[What is required]
Could the listing below be reproduced exactly, minus its pictures?

══ Source material

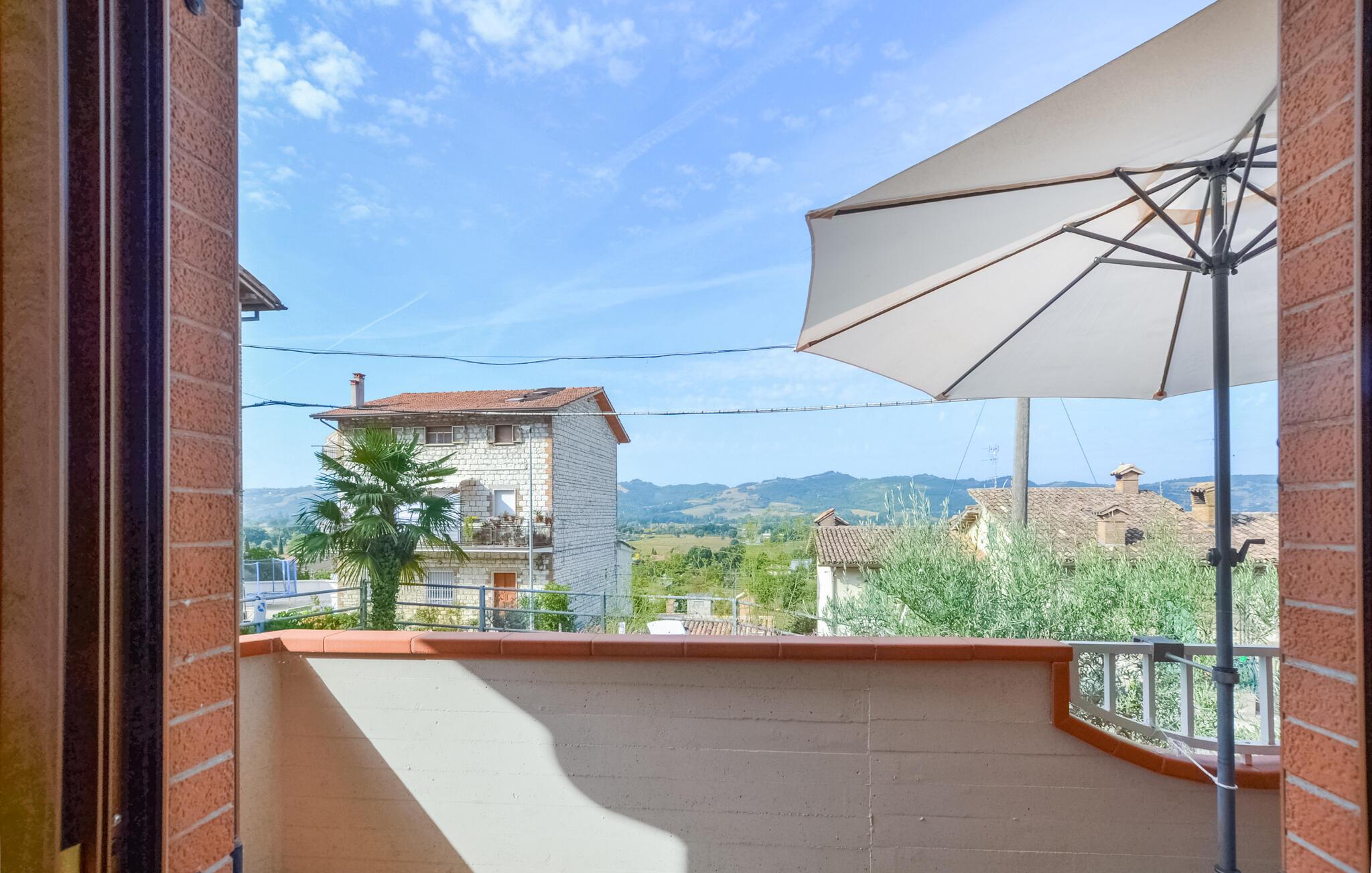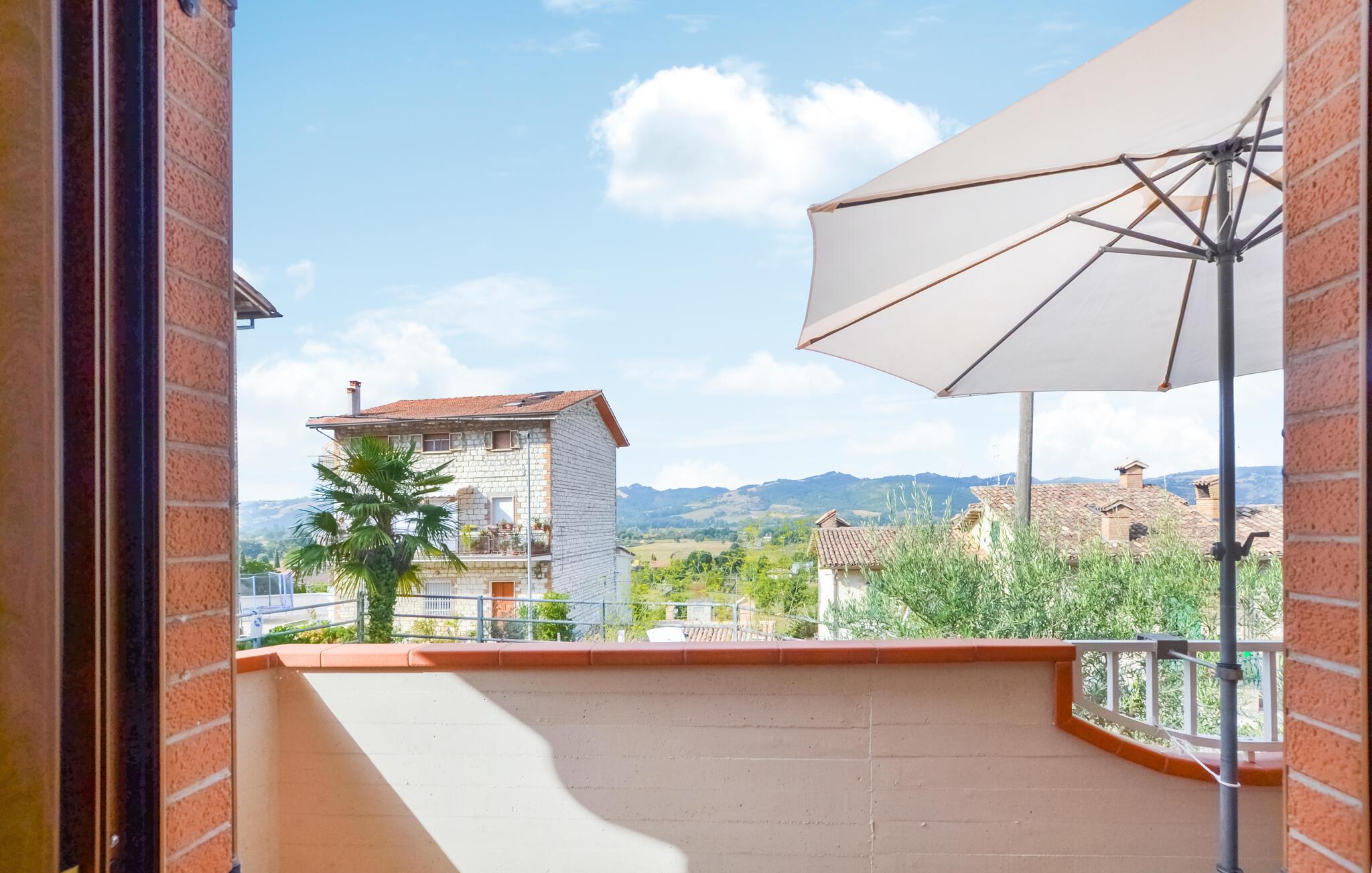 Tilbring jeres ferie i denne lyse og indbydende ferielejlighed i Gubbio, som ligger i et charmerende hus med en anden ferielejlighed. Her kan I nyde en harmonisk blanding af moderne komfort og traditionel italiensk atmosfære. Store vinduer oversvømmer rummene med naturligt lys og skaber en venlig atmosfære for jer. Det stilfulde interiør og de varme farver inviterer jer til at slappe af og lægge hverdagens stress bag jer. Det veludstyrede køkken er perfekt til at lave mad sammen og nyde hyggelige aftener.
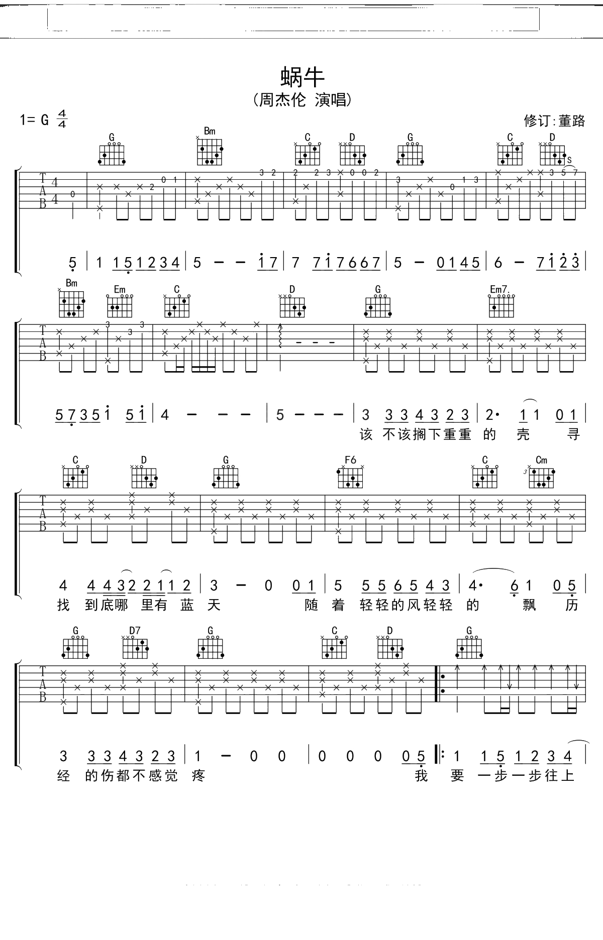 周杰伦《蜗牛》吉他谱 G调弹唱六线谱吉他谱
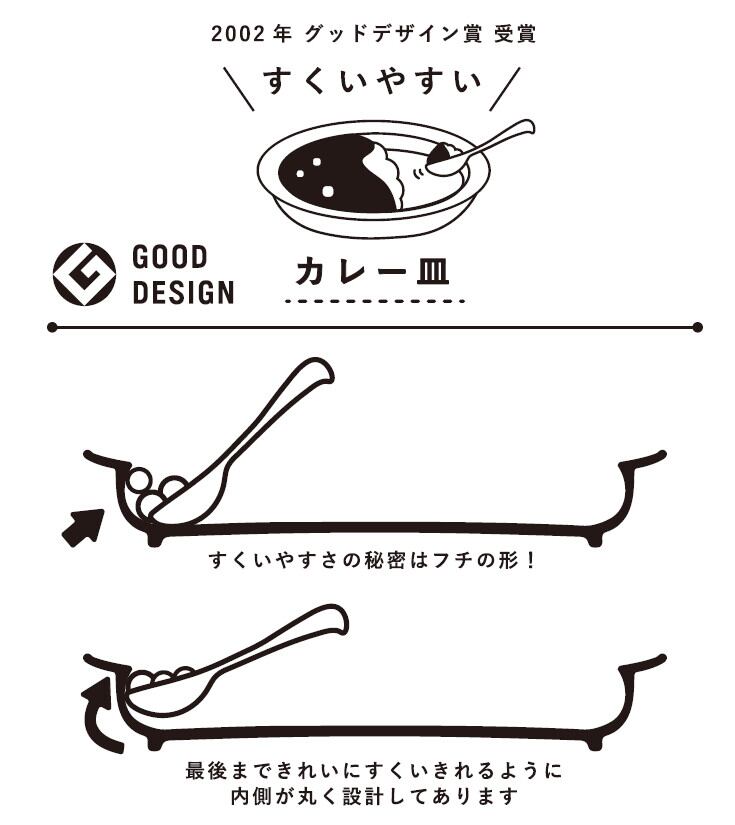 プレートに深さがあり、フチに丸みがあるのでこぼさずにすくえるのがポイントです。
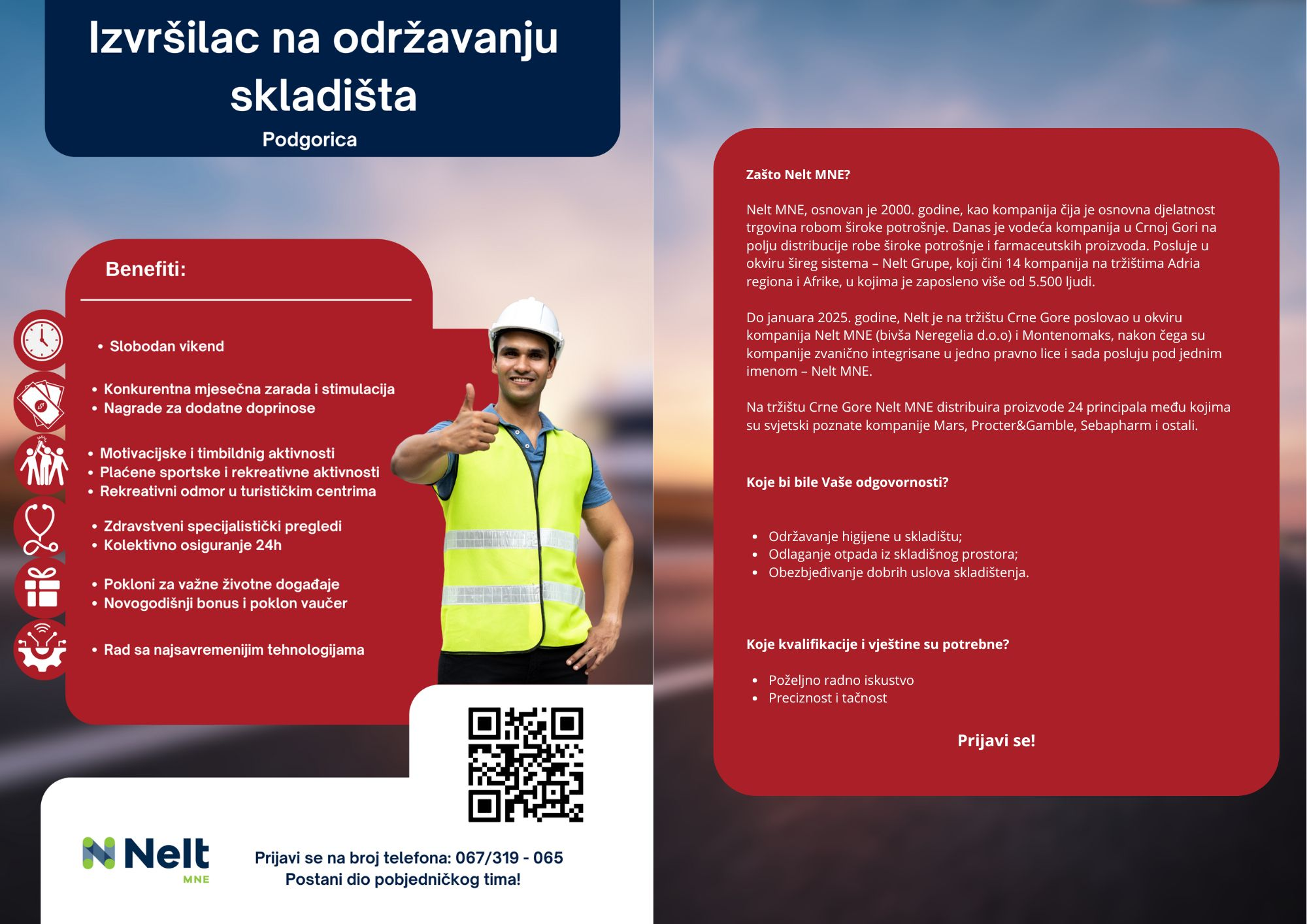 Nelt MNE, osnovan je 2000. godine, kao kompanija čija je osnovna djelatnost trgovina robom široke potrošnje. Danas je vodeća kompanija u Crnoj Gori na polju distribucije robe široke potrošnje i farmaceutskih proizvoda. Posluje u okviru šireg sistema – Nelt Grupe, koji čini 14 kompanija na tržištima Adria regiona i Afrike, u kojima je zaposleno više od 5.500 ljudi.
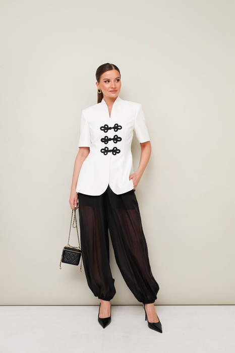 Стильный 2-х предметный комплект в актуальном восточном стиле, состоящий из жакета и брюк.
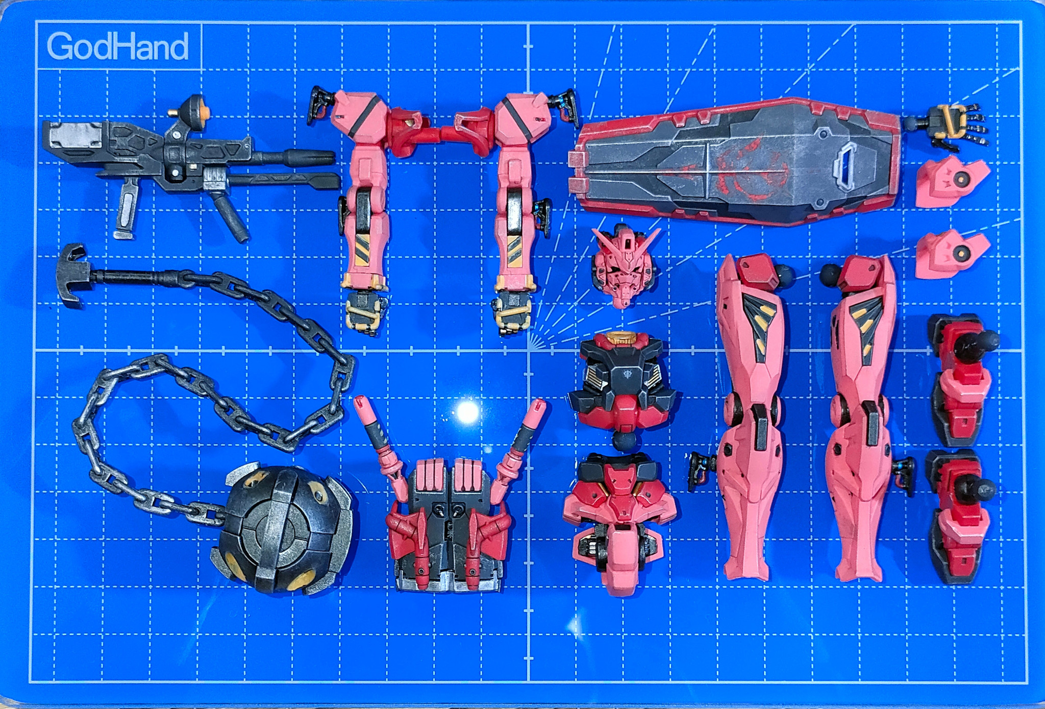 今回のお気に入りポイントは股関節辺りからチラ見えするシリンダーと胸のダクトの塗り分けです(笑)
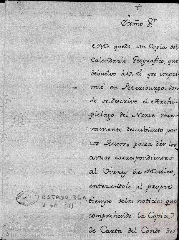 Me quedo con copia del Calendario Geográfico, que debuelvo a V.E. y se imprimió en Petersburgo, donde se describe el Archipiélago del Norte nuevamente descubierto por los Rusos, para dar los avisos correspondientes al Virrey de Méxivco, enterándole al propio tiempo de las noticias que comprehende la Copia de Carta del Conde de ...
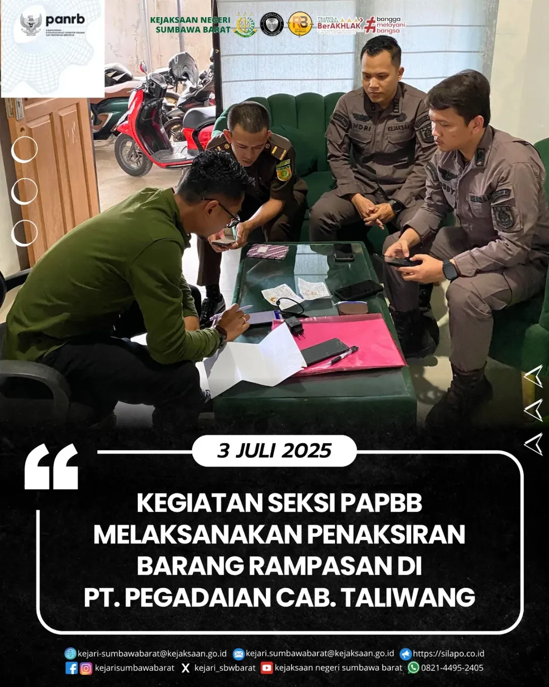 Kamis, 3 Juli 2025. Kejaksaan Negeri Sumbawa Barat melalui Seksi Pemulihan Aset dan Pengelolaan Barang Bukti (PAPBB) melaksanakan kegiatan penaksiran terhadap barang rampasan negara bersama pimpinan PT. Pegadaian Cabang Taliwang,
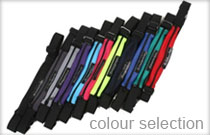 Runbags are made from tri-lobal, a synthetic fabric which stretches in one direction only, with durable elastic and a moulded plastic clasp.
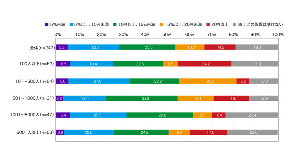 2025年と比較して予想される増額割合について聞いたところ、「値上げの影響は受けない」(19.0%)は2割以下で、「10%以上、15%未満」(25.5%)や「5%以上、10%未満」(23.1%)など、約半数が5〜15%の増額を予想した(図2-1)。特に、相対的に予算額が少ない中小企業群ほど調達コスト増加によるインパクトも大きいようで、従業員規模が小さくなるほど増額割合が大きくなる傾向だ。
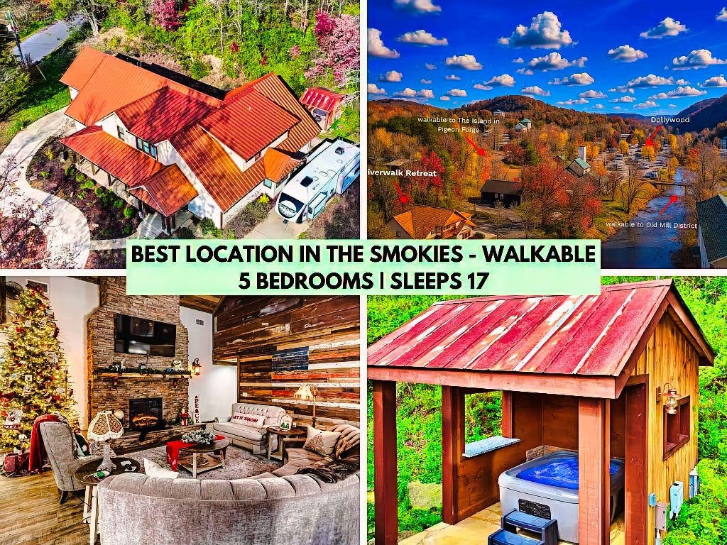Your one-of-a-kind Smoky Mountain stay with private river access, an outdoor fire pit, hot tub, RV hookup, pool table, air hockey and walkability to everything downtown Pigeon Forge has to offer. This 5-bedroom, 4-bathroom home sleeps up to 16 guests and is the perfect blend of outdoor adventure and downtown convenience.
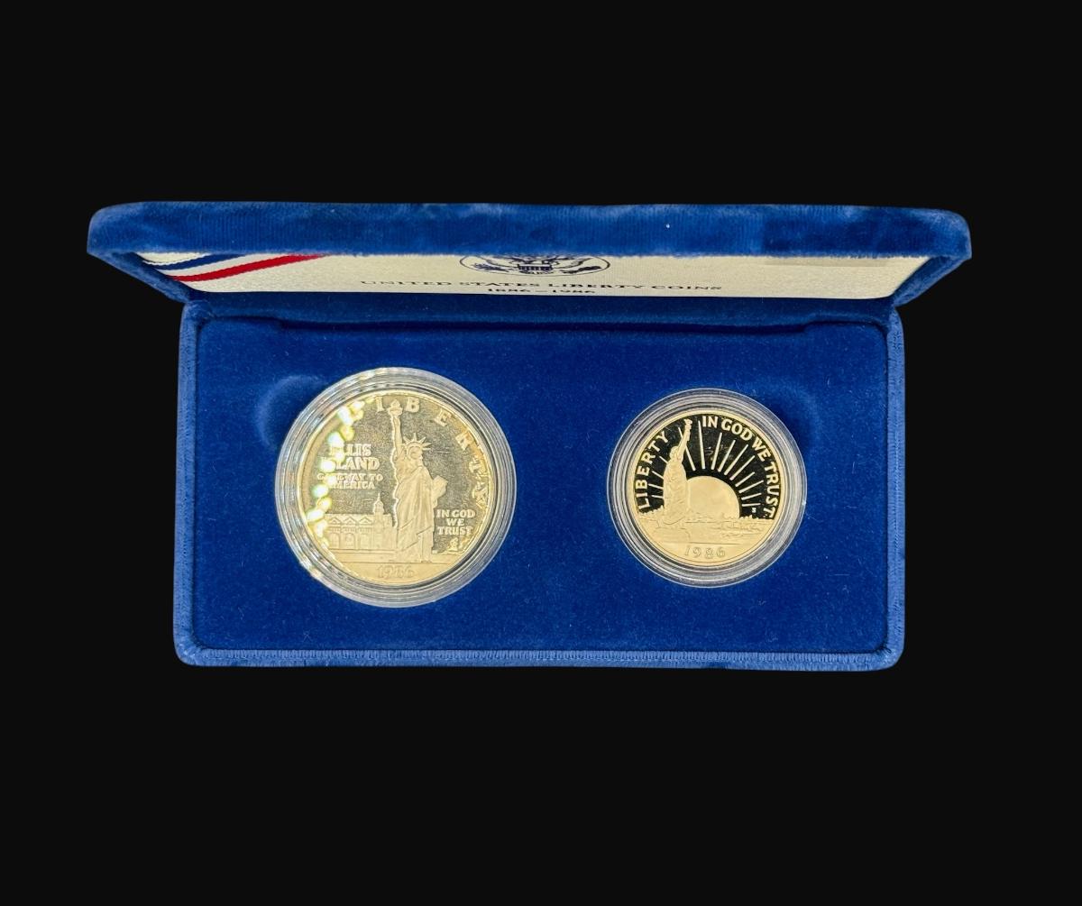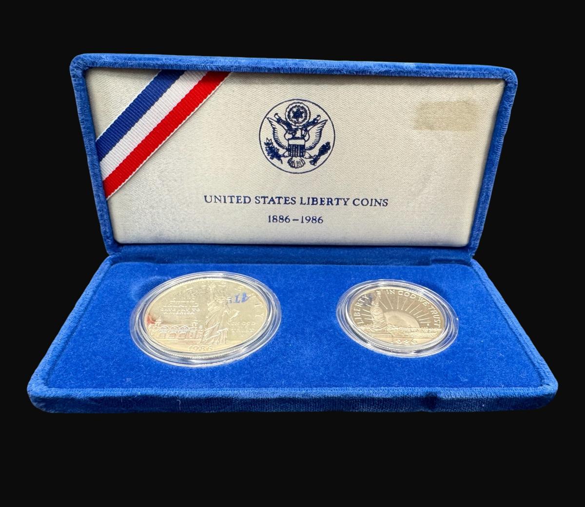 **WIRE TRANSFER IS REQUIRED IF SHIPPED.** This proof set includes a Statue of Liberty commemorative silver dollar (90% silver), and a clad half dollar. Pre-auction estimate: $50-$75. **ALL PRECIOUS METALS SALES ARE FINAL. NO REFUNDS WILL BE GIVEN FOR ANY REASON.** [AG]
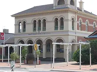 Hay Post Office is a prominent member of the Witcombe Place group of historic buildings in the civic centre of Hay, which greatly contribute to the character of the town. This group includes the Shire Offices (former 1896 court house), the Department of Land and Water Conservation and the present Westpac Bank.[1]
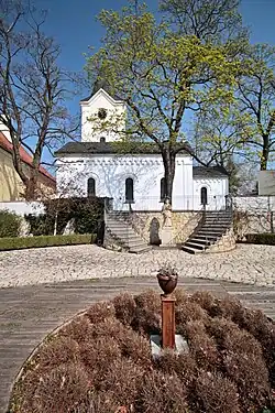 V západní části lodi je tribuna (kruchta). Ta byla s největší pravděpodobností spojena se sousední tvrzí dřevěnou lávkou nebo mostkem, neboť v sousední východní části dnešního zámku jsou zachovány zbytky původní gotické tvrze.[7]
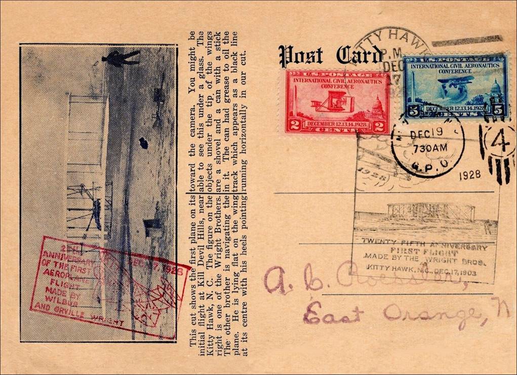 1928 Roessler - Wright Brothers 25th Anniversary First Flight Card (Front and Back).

════

[Your response]
 Tilbring jeres ferie i denne lyse og indbydende ferielejlighed i Gubbio, som ligger i et charmerende hus med en anden ferielejlighed. Her kan I nyde en harmonisk blanding af moderne komfort og traditionel italiensk atmosfære. Store vinduer oversvømmer rummene med naturligt lys og skaber en venlig atmosfære for jer. Det stilfulde interiør og de varme farver inviterer jer til at slappe af og lægge hverdagens stress bag jer. Det veludstyrede køkken er perfekt til at lave mad sammen og nyde hyggelige aftener.
 周杰伦《蜗牛》吉他谱 G调弹唱六线谱吉他谱
 プレートに深さがあり、フチに丸みがあるのでこぼさずにすくえるのがポイントです。
 Nelt MNE, osnovan je 2000. godine, kao kompanija čija je osnovna djelatnost trgovina robom široke potrošnje. Danas je vodeća kompanija u Crnoj Gori na polju distribucije robe široke potrošnje i farmaceutskih proizvoda. Posluje u okviru šireg sistema – Nelt Grupe, koji čini 14 kompanija na tržištima Adria regiona i Afrike, u kojima je zaposleno više od 5.500 ljudi.
 Стильный 2-х предметный комплект в актуальном восточном стиле, состоящий из жакета и брюк.
 今回のお気に入りポイントは股関節辺りからチラ見えするシリンダーと胸のダクトの塗り分けです(笑)
 Me quedo con copia del Calendario Geográfico, que debuelvo a V.E. y se imprimió en Petersburgo, donde se describe el Archipiélago del Norte nuevamente descubierto por los Rusos, para dar los avisos correspondientes al Virrey de Méxivco, enterándole al propio tiempo de las noticias que comprehende la Copia de Carta del Conde de ...
 Kamis, 3 Juli 2025. Kejaksaan Negeri Sumbawa Barat melalui Seksi Pemulihan Aset dan Pengelolaan Barang Bukti (PAPBB) melaksanakan kegiatan penaksiran terhadap barang rampasan negara bersama pimpinan PT. Pegadaian Cabang Taliwang,
 Runbags are made from tri-lobal, a synthetic fabric which stretches in one direction only, with durable elastic and a moulded plastic clasp.
 2025年と比較して予想される増額割合について聞いたところ、「値上げの影響は受けない」(19.0%)は2割以下で、「10%以上、15%未満」(25.5%)や「5%以上、10%未満」(23.1%)など、約半数が5〜15%の増額を予想した(図2-1)。特に、相対的に予算額が少ない中小企業群ほど調達コスト増加によるインパクトも大きいようで、従業員規模が小さくなるほど増額割合が大きくなる傾向だ。
Your one-of-a-kind Smoky Mountain stay with private river access, an outdoor fire pit, hot tub, RV hookup, pool table, air hockey and walkability to everything downtown Pigeon Forge has to offer. This 5-bedroom, 4-bathroom home sleeps up to 16 guests and is the perfect blend of outdoor adventure and downtown convenience.
 **WIRE TRANSFER IS REQUIRED IF SHIPPED.** This proof set includes a Statue of Liberty commemorative silver dollar (90% silver), and a clad half dollar. Pre-auction estimate: $50-$75. **ALL PRECIOUS METALS SALES ARE FINAL. NO REFUNDS WILL BE GIVEN FOR ANY REASON.** [AG]
 Hay Post Office is a prominent member of the Witcombe Place group of historic buildings in the civic centre of Hay, which greatly contribute to the character of the town. This group includes the Shire Offices (former 1896 court house), the Department of Land and Water Conservation and the present Westpac Bank.[1]
 V západní části lodi je tribuna (kruchta). Ta byla s největší pravděpodobností spojena se sousední tvrzí dřevěnou lávkou nebo mostkem, neboť v sousední východní části dnešního zámku jsou zachovány zbytky původní gotické tvrze.[7]
 1928 Roessler - Wright Brothers 25th Anniversary First Flight Card (Front and Back).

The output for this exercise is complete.